How significant? Recently, Amazon has focused on signing hundreds of those top brands, including the likes of Michael Kors, Vivienne Westwood, Jack Spade and Tracy Reese - and the firm is continuing to court more.
This week, the company sponsored the Costume Institute Benefit at the Metropolitan Museum of Art. Amazon has apparently hired three women, full-time, just to try on size 8 shoes for its web reviews.
Moreover, the online retailer is prepared to throw money at free shipping - and crucially free returns - to lure folks into buying their designer jeans online. Free returns are a crucial aspect, given that the weakest point of online clothes shopping is not being able to try items on, with sizing guidelines often differing (a point Amazon is also trying to address with moves such as the aforementioned shoe sizing girls).

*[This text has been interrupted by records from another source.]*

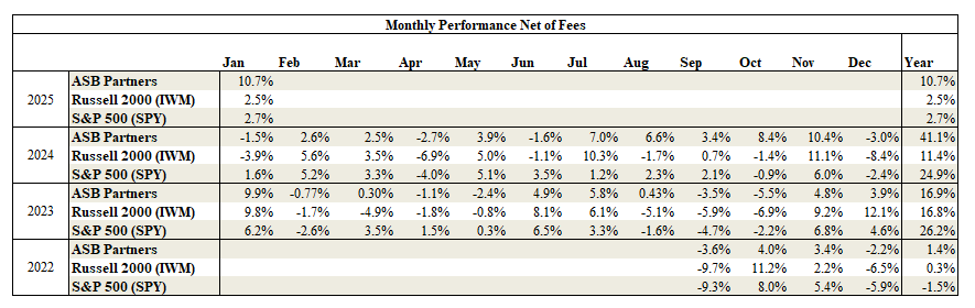 ASB Partners estimated net return was +10.7% in January and +10.7% YTD net of fees through 1/31/2025;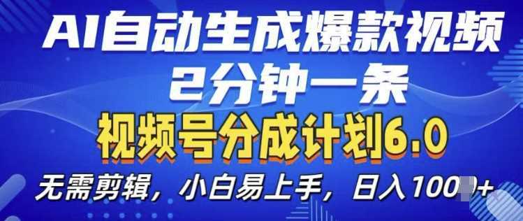 视频分成计划6.0,AI自动生成爆款视频,2分钟一条,小白易上手【揭秘】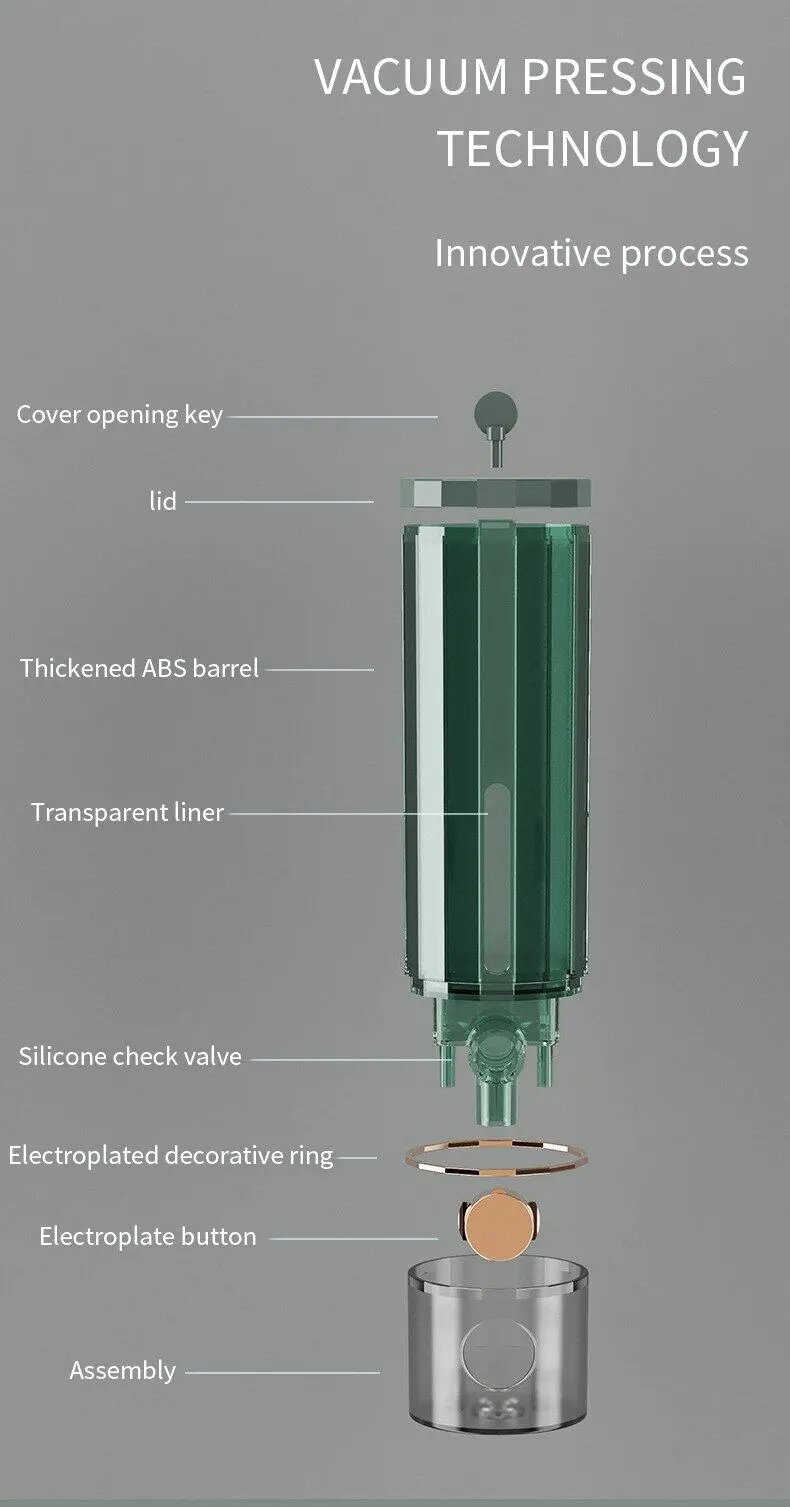 This wall-mounted dispenser offers convenience and functionality for your bathroom accessories. With its sleek design and easy-to-use press mechanism, it provides a seamless experience for handwashing and sanitizing.

Amazon has its eyes firmly on the big profit margins that come from expensive clothes, although the firm will face resistance from many brands.
Sucharita Mulpuru, a Forrester Research analyst, noted: "[Amazon] has the latitude to set prices and charge whatever it wants. That is a huge threat for brands."

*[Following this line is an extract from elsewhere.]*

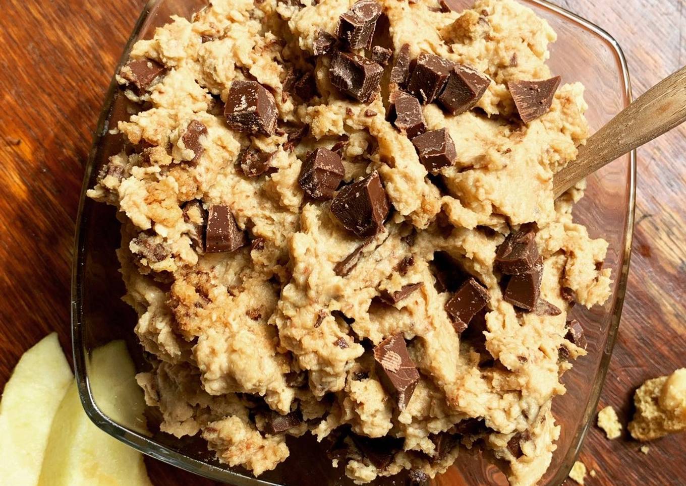 Hors de question d'y tremper des carottes ou du pain pita comme dans du houmous traditionnel. Il s'agit d'un dessert et on le traite comme tel en le mangeant avec des quartiers de pommes, des morceaux de fraises ou, pour la version pas régime du tout, en y trempant des cookies ou autres biscuits ! 😋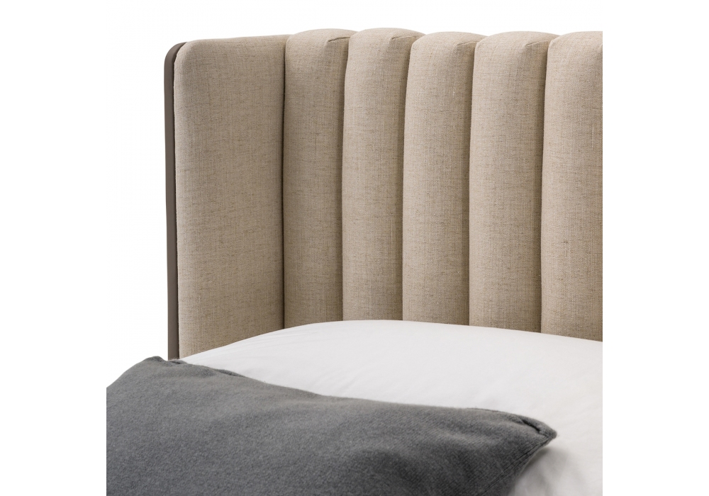 Domus conçu par Matteo Nunziati pour Turri est un lit avec structure en contreplaqué et bois massif avec rembourrage en mousse de polyuréthane multi-densité. Structure et tête de lit recouvertes de différents cuirs ou tissus.

Amazon certainly has the financial muscle behind it to potentially carve itself a share of fashion dollars, but some brands have been put off by the look of Amazon's site in the past. Andy Dunn, founder of the men's fashion brand Bonobos, was quoted by the New York Times as stating: "It's not a place where you look at it and are like, ‘Oh, my clothes look and feel really good.'"
Which is why Amazon is making major investments in photography, enhancing its presentation, and as we've already mentioned, providing more detailed measurement guidance to help better size up items.

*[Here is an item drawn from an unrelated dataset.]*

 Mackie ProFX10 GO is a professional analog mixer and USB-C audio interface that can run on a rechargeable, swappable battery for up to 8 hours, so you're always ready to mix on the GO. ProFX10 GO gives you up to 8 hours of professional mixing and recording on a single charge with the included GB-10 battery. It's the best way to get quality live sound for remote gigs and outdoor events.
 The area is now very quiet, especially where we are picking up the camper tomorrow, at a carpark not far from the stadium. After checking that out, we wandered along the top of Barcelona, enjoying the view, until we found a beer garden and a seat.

Ultimately, Amazon hopes that its focus on presentation and higher-end clothing, will encourage brands to believe it's not a lacklustre outlet incapable of selling fancy threads.
Bezos has also said that he isn't interested in taking a low-price approach to high fashion, so other retailers needn't fret about how Amazon is going to push prices down.
He commented: "There's a sophisticated markdown cadence in the fashion industry that we think makes sense and we're basically following that established approach."